Question

Which one of the following mathematical structure forms a group?

• A. \( (\mathbb{N}, *)\), where \(a*b = a\) for all \(a,b \in \mathbb{N}\)
• B. \( (\mathbb{Z}, *)\), where \(a*b = a-b\), for all \(a,b \in \mathbb{Z}\)
• C. \( (\mathbb{R}, *)\), where \(a*b = a+b+1\), for all \(a,b \in \mathbb{R}\)
• D. \( (\mathbb{R}, *)\), where \(a*b = |a|b\), for all \(a,b \in \mathbb{R}\)

Hint:

When checking for group structures, associativity and the existence of a unique identity are common points of failure. For binary operations involving subtraction or division, always check associativity first as it often fails.
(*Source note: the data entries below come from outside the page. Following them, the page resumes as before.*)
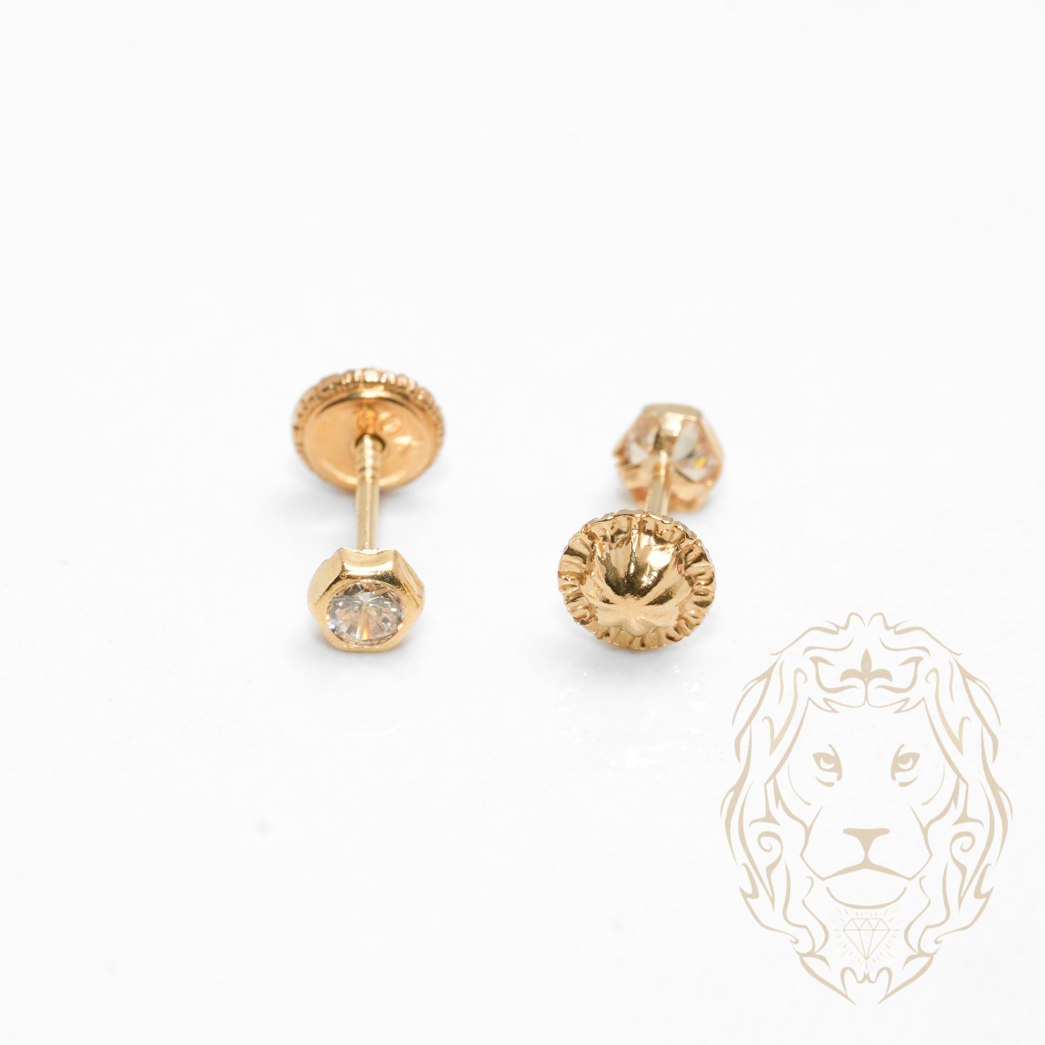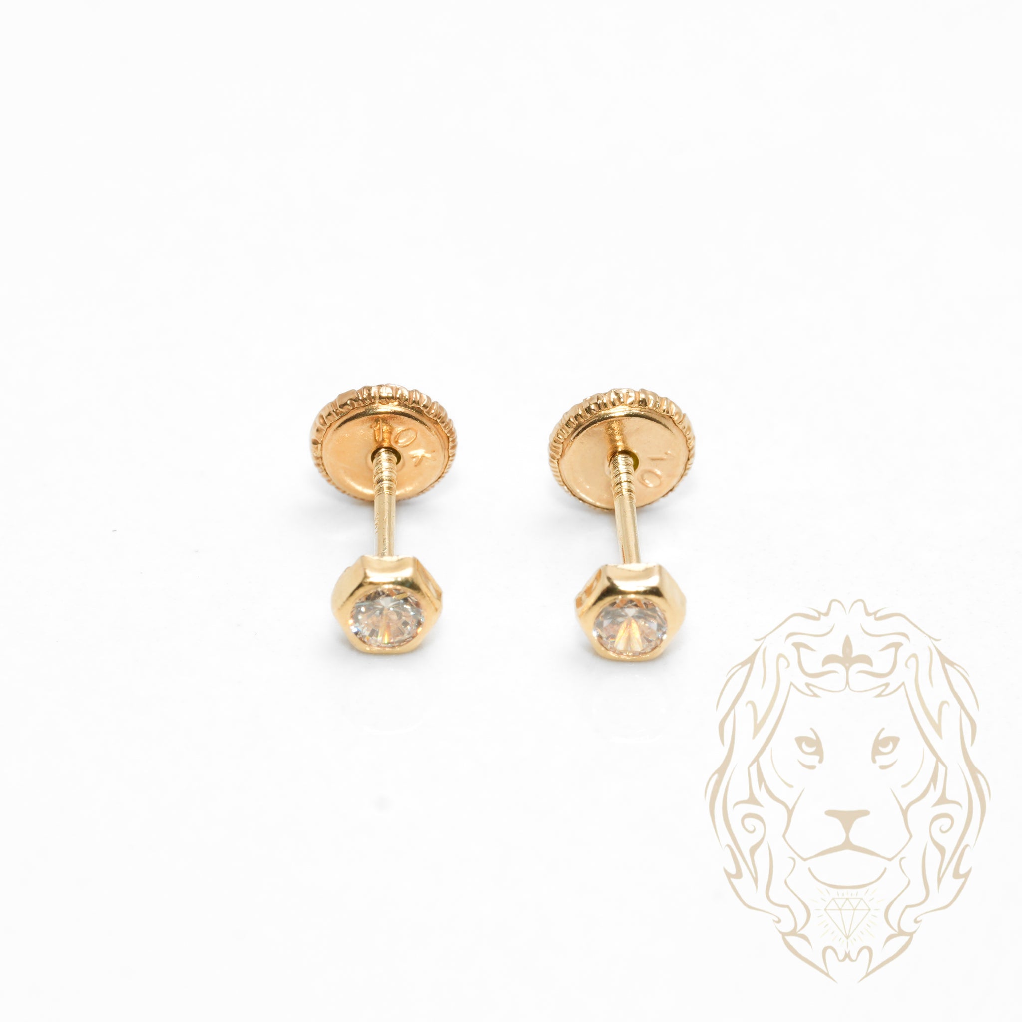 Screw Studs - Gold 10K yellow hex set with cz 3mm - BOG739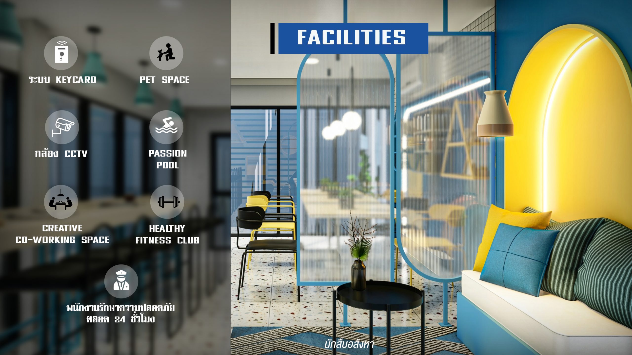 ส่วนกลาง : ส่วนกลางมีกิจกรรมรองรับมากมายเลยครับ ทั้ง พักผ่อน ออกกำลังกาย และระบบรักษาความปลอดภัย 24 ชั่วโมง พร้อมโซนสำหรับสัตว์เลี้ยงโดยเฉพาะ
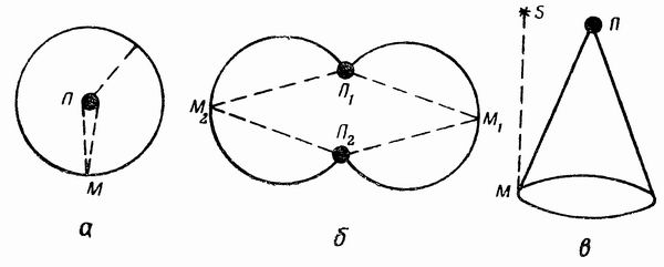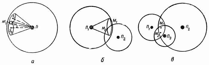 Измеряя направления на небесные светила, углы между направлениями на центры, угловые размеры диаметров планет (Солнца, Луны) или расстояния до их центров и комбинируя эти методы определения поверхности положения, можно получить несколько способов вычисления координат в межпланетном полете. Например, в результате измерения углового диаметра планеты или Солнца и направления на две звезды, получаются сферическая и две конические поверхности положения с общей вершиной в центре планеты (Солнца). Линии пересечения сферы с конусами являются окружностями, в пересечении которых получаются две точки М1 и М2. Одна из этих точек и является действительным местоположением космического корабля (рис. 44, а).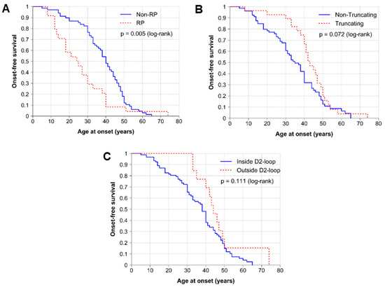 Genotype–phenotype correlations. Long-rank test and survival curve (onset-free) of the AAO of the first symptom of retinopathy, considering (A) the phenotypic presentation between retinitis pigmentosa (RP) and non-RP (MD and CR/CRD) subgroups; (B) the type of variant, truncating (frameshift, nonsense and splicing) versus non-truncating (missense, in-frame) variants; (C) the location of coding variants in the D2-loop domains: outside D2-loop versus inside D2-loop.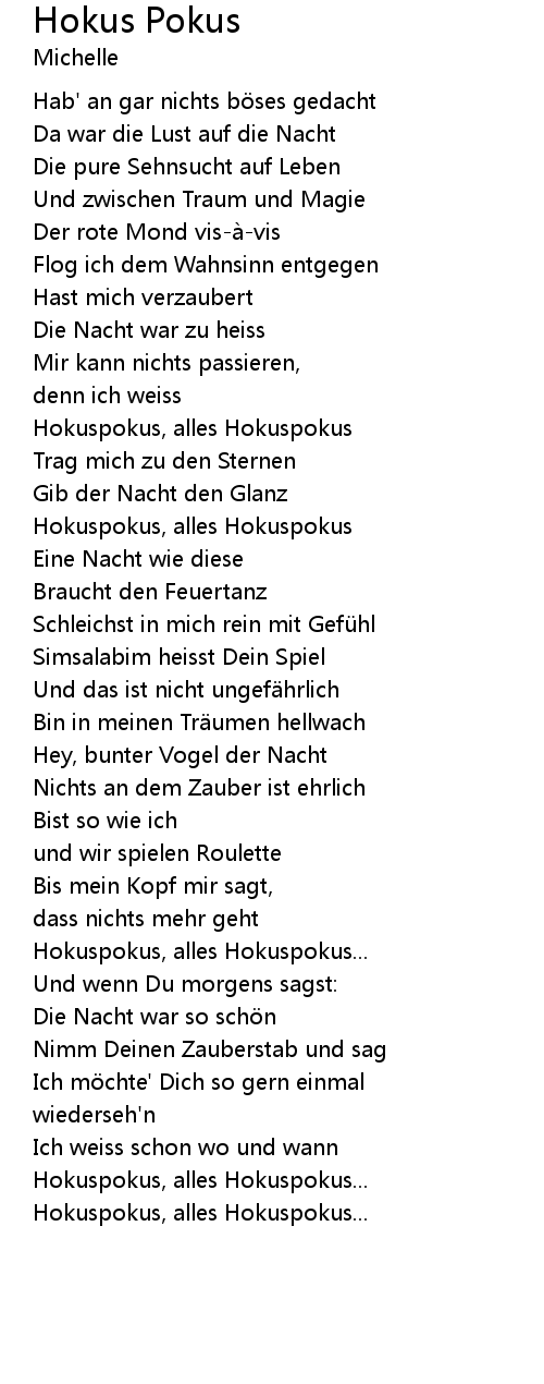 | Hokuspokus, alles Hokuspokus | |
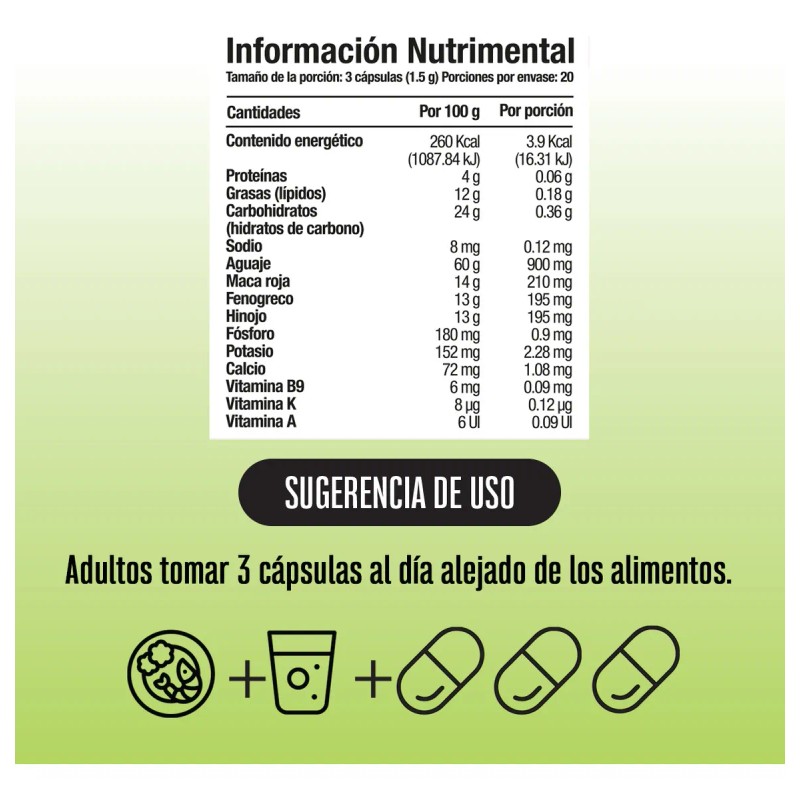 Kit 2 Aguaje Fenogreco Hinojo Maca Roja 60 Cpsulas Sabor Neutro Vegano Equilibrio Hormonal Vitalidad, Belleza Natural y Bienestar Femenino...

For operations defined piecewise or with absolute values, check the identity and inverse properties carefully.

Answer 1

The Correct Option is C

Step 1: Understanding the Concept:
A mathematical structure \((G, *)\) forms a group if it satisfies four axioms: 1. Closure: For all \(a, b \in G\), \(a*b \in G\). 2. Associativity: For all \(a, b, c \in G\), \((a*b)*c = a*(b*c)\). 3. Identity Element: There exists an element \(e \in G\) such that for all \(a \in G\), \(a*e = e*a = a\). 4. Inverse Element: For each \(a \in G\), there exists an element \(a^{-1} \in G\) such that \(a*a^{-1} = a^{-1}*a = e\).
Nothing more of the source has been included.